WASHINGTON (Reuters) - China on Tuesday pledged easier access for U.S. companies to key sectors of its economy by removing barriers to its huge market in government contracts and offering a foothold to U.S. mutual funds.
The pledges were made in two days of talks between the world’s two biggest economies which ended with both sides hailing progress in their often tense relationship.
The difficulties in relations, particularly in human rights issues, were underscored by U.S. Secretary of State Hillary Clinton, who described Beijing’s rights decord as “deplorable” in a magazine interview. China’s current crackdown on dissent, she said, amounted to “a fool’s errand”.

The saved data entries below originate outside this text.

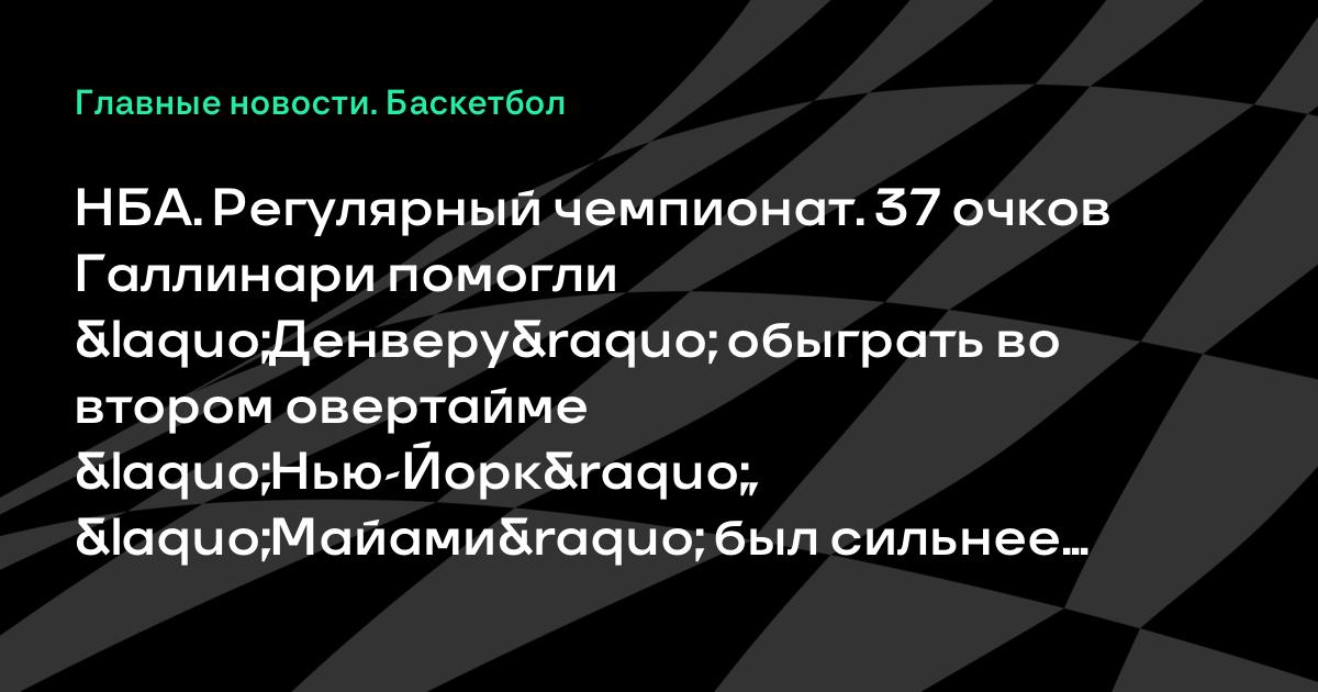 НБА. Регулярный чемпионат. 37 очков Галлинари помогли «Денверу» обыграть во втором овертайме «Нью-Йорк», «Майами» был сильнее «Филадельфии» и другие результаты
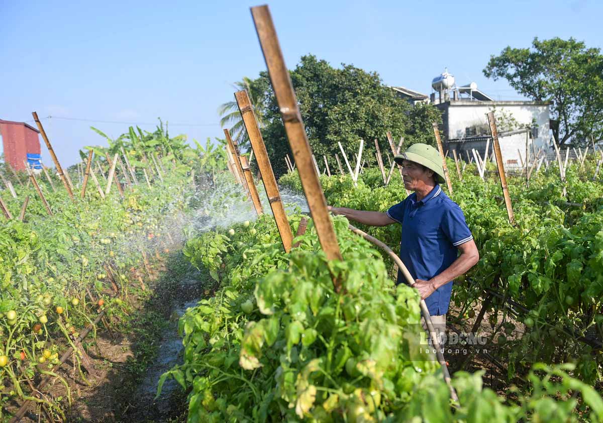 In some tomato-growing communes in Ninh Binh province, the harvest atmosphere is bustling right from the early days of the crop. According to people, tomato prices this year have increased much higher than last year, the output is stable, and traders have placed deposits to buy the whole garden since the fruit is still green, so people are very excited and assured to produce.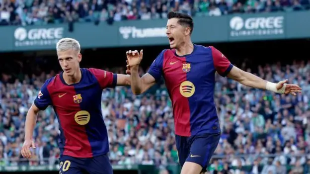 Lewandowski scored his 16th goal of the league campaign before Ferran Torres cancelled out Giovani Lo Celso’s penalty – but Assane Diao snatched a point for Betis with a late equaliser.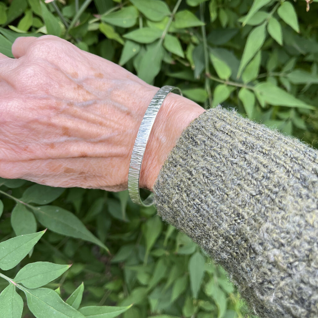 The bangle has a contemporary modern look, and is made using solid 925 sterling silver, finished with a striking hammered finish. Hand-crafted in my West Yorkshire workshop, you will love how it looks and feels on your wrist.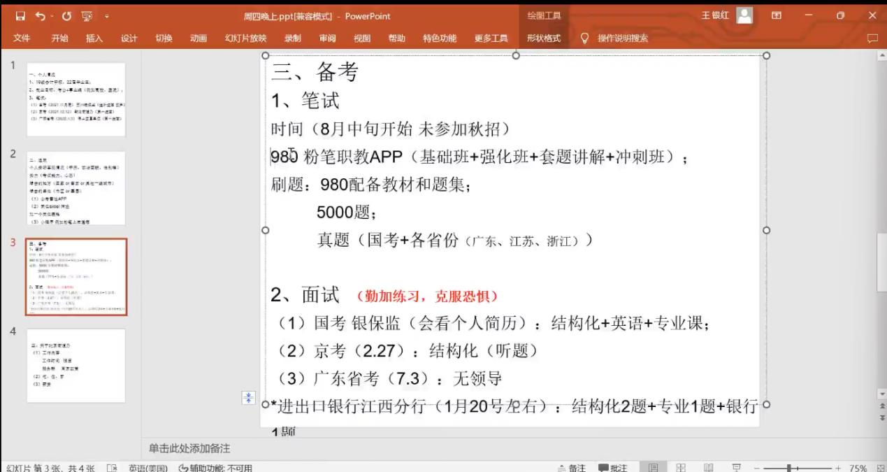 第二位发言的是王银红同学,22届会计学研究生,现入职北京市朝阳区政府首都机场街道办事处。王银红同学入学就立下了考公的目标,去年一年不辞艰苦,北京、广州大江南北奔走,参加了三次公考,她的观点是,结合自己的愿望以及自身条件选择合适的地域,她介绍了自己觉得好用的备考app和参加培训的经验,还给出了详细地如何结合自身的优势去选岗的筛选方法,诸多备考经验都是新鲜经历讲起来如在眼前。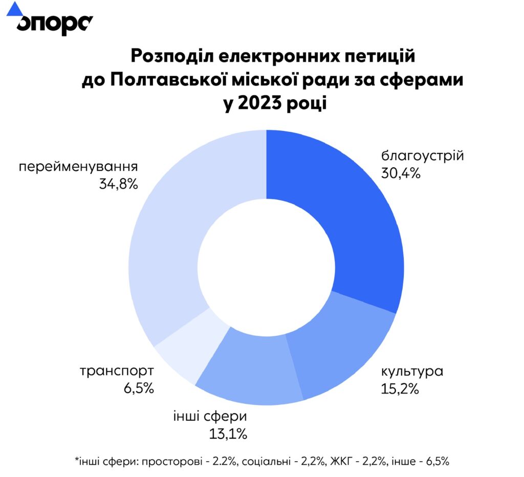 У 2023 загальна кількість петицій повернулася до рівня 2021 року. Темою №1 стало перейменування (34,8%), на другому місці опинився благоустрій — 30,4%.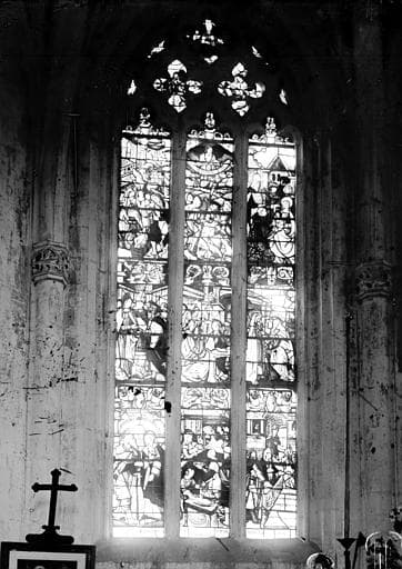POP | Plateforme ouverte du patrimoine3 verrières : Histoire d'Adam et Eve, vie de la Vierge, Dieu le Père, anges musiciens, Passion du Christ, pélican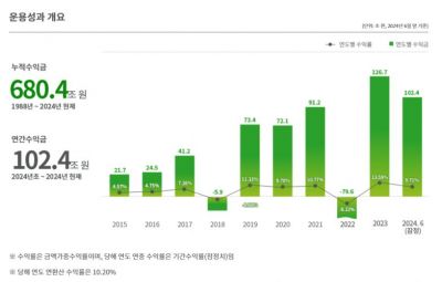 国民年金公団基金運用本部は29日、今年6月末基準で収益率9.71%、運用収益金102兆4000億ウォンを記録したと暫定集計したと明らかにした。 1988年に国民年金制度が導入されて以来、計680兆4000億ウォンの累積収益金が積み立てられ、1147兆ウォンの基金が積み立てられた。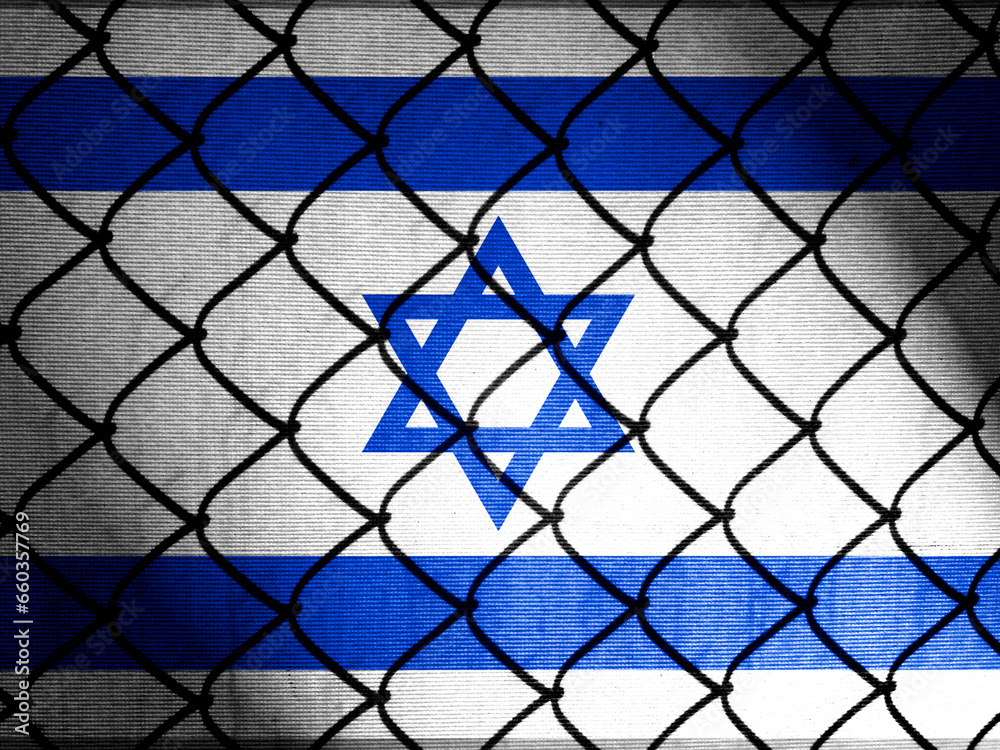 Combination of Israeli flag and barbed wire. Describing Israel as being at war. Israeli-Palestinian War. Basemap and background concept. Double exposure hologram.

But on economic matters, officials were upbeat after talks.
“We are seeing very promising shifts in the direction of Chinese economic policy,” U.S. Treasury Secretary Timothy Geithner said.
The annual Strategic and Economic Dialogue yielded more results on economic issues than some analysts had expected, although many remained skeptical China’s market-opening vows would translate into concrete benefits for U.S. business.
The talks between top U.S. and Chinese officials carried extra significance because domestic politics may hamper decision-making next year ahead of a U.S. presidential election and Chinese leadership succession.
While some advances were made on the economic track, there was scant movement on thorny diplomatic issues.
“The outcome of this round of meetings shows a clear understanding on both sides that the two countries have shared long-term economic interests and there is scope for a mutually beneficial bargain,” said Eswar Prasad of the Brookings Institution in Washington.
“The real flashpoints are on political and security issues, including human rights,” he added.
Clinton, in an interview conducted last month with The Atlantic magazine and released just as the talks ended, said disputes over human rights would not stop U.S. engagement with China.
“We don’t walk away from dealing with China because we think they have a deplorable human rights record,” Clinton said, according to a transcript released by the State Department.
China, she told the magazine, was anxious about the uprisings jolting the Middle East and North Africa.
“They’re worried, and they are trying to stop history, which is a fool’s errand. They cannot do it. But they’re going to hold it off as long as possible.”
Both sides repeated their stances on North Korea, where China has resisted U.S. pressure to act more forcefully to persuade Pyongyang to back down from confrontation and resume nuclear disarmament talks.
The two sides agreed to boost coordination on Afghanistan and discussed upheavals in the Arab world.
They reiterated their positions on Iran but made no new announcements. China has reluctantly backed U.N. sanctions aimed at curbing Tehran’s nuclear ambitions, but U.S. officials say that some Chinese entities are not complying with them and have urged Beijing to tighten up.
Even so, a senior Chinese finance official said the talks were a “win-win” for both countries. China claimed Washington gave ground by easing restrictions on high-tech exports though U.S. officials said only they would weigh Beijing’s concerns.
On the key issue of exchange rates, Geithner said China needed to allow a faster rise in the value of the yuan, a comment brushed back by China’s Vice Finance Minister Zhu Guangyao, who said Beijing will move at its own speed.
The yuan has appreciated 5.14 percent since being loosened from a two-year peg to the dollar last June, well below what many U.S. lawmakers believe is needed to allow for a level playing field for U.S. producers in global markets.
China on Tuesday reported a hefty trade surplus and record exports in April, ammunition for its overseas critics.
Surprisingly, according to a U.S. official, China -- the United States’ biggest creditor -- raised no concerns about U.S. budget deficits, which could top out at $1.4 trillion this year.
In a potentially big step forward for U.S. firms seeking more access to China’s financial services market, China agreed to let U.S. and other foreign banks sell mutual funds in China and provide custodial services.
However, some U.S. commentators said China’s past behavior suggested U.S. companies might see little benefit.
“They let you in the market under conditions where you cannot be a real competitor,” Derek Scissors of the conservative Heritage Foundation said. “That’s what they’ve done every single time, so that’s what I expect will happen with mutual funds.”
U.S. officials indicated Beijing would also consider letting foreign insurance companies sell auto insurance for the first time in China, which is becoming the world’s largest car market.
China also said it would take steps to try to ensure the software that government agencies used was not pirated.
Perhaps of most significance was a fresh pledge China made on government purchasing policies that U.S. and European firms had complained locked them out of a big market.
As part of efforts to spur innovation, Beijing had sought to ensure government purchases came from firms using Chinese-owned technology.
However, in January, China pledged that government purchases would be delinked from its “indigenous innovation” policies.
It stated explicitly that the pledge extended to purchases by local governments -- not only the central government -- answering a big concern of U.S. businesses.